I thought I would take a moment and share my experience of repeating the Baby 101 “Promise Fasting”. For the first 16 hours, I was very diligent to concentrate all of my thoughts and words on the promises from God. Every time that I had a fear, I would instantly cast it down with the thoughts, ‘nothing bad is going to happen’. Somehow for me that was an easier way of giving it to God and trusting Him.
I have often heard that physical fasting will cause detox symptoms emotionally. This proved to be true for me with this mental fasting as well. As I swam deeper into the heart level of faith, the Lord started to pull out some things that needed to be healed and cared for. Around the 16th hour of starving my doubts and fears, I got weary and I found myself crying to God with deep cries of anguish.

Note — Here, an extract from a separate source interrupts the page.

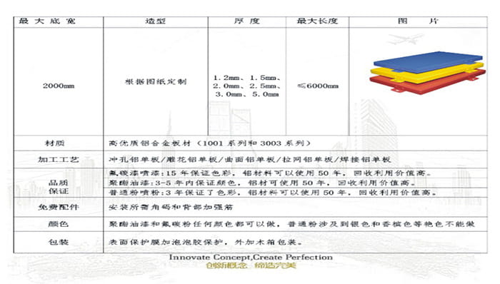 產(chǎn)品規(guī)格: 各類型鋁單板成品通過折彎、滾弧、焊接、A裝、打磨、噴涂等加工手段制作。產(chǎn)品厚度: 厚度有1.2mm、1.5mm、2.0mm、2.5mm、3.0mm、4.0mm等各種規(guī)格,成型鋁單板最大尺寸可達1500x7000mm。

As if I was someone who was going through the seven stages of accepting death, I started to bargain with Him. In between the tears, I was telling Him, “God I just don’t want to suffer, I don’t need to have new clothes and I will sleep on the floor for the rest of my life, just please no more suffering”. The truth was, it was my unbelief that was the core of all of my afflictions. I was speaking so much ugliness that was absolutely in contradiction to His promises for an abundance.

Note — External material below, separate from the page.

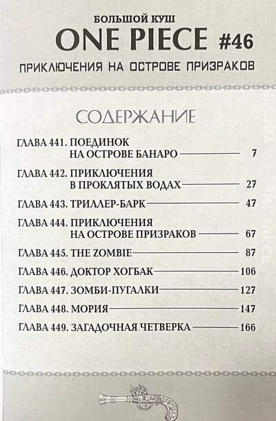 Путешествие Луффи и его соратников продолжается! Освободив Нико Робин из плена СП9, пиратская шайка вновь отправляется в плавание: их следующая остановка – остров Рыболюдей. Однако в море экипаж встречает непогода, и корабль заносит в загадочный Флорианский Треугольник, дьявольские воды, о которых ходит множество жутких легенд. И здесь на пути у команды Соломенной Шляпы возникает Триллер-Барк, плавучий остров призраков...

I cried myself to sleep and then woke up early so that I could keep praying. I was praying to be able to cover our room for a week, so that I could have some time to rest. I felt more refreshed and I was in a place of gratitude and expectation. However the time kept on ticking and the Lord started to move through more heart issues that needed healing.
Once again, I found a place of faith weariness and I broke down crying again. My prayer had not yet been answered and emotions of pain and bitterness were beginning to surface. I realized through talking things over with Holy Spirit, that I needed to work through some more healing and releasing pain from the past. What really surprised me was that I learned I had been holding resentment towards one of my promises. A part of me was like Jonah, running from my calling and resisting God’s plan for my life.
If it were not for this specific promise, I would have done things according to man’s logic that didn’t require faith. I would not have had to be so harshly criticized by some of those who have never experienced this kind of walk. Sometimes walking by faith feels like being a football player, being yelled at by the man eating popcorn and drinking beer in the stands. It can be hard, very hard. Yet so very rewarding.
A sigh of relief was felt at the final hour of my deadline. God swept in as my Hero of rescue and sent enough for me to cover a few nights. After all of this soul detoxing, my chest feels crushed by the pain that resurfaced from the depths where it was hiding.
I am going to take a moment and pray through the junk that came out during this faith fast to let go of the toxic things that were hindering my progress. Then I will resume and begin again. Believing and trusting in God’s promises is a heart issue and sometimes we need to heal from memories and pain before we can reach the deeper levels of trust.
In Mark 11:23, the scripture states that if we believe in our heart, it will happen. Although this time around my challenge did not seem successful, I believe that the Lord is taking me deeper into trusting HIm and His words by pulling out the poisons of unbelief and pain.
It has been proven that the physical heart holds memories and that there are unique brain cells in the heart that are separate from the brain. There are times that healing from past traumas need to be realized in our souls before venturing into the deeper unknown places of seeing the faith manifestation of hopeful expectations. For as a man thinks in his heart, so is he.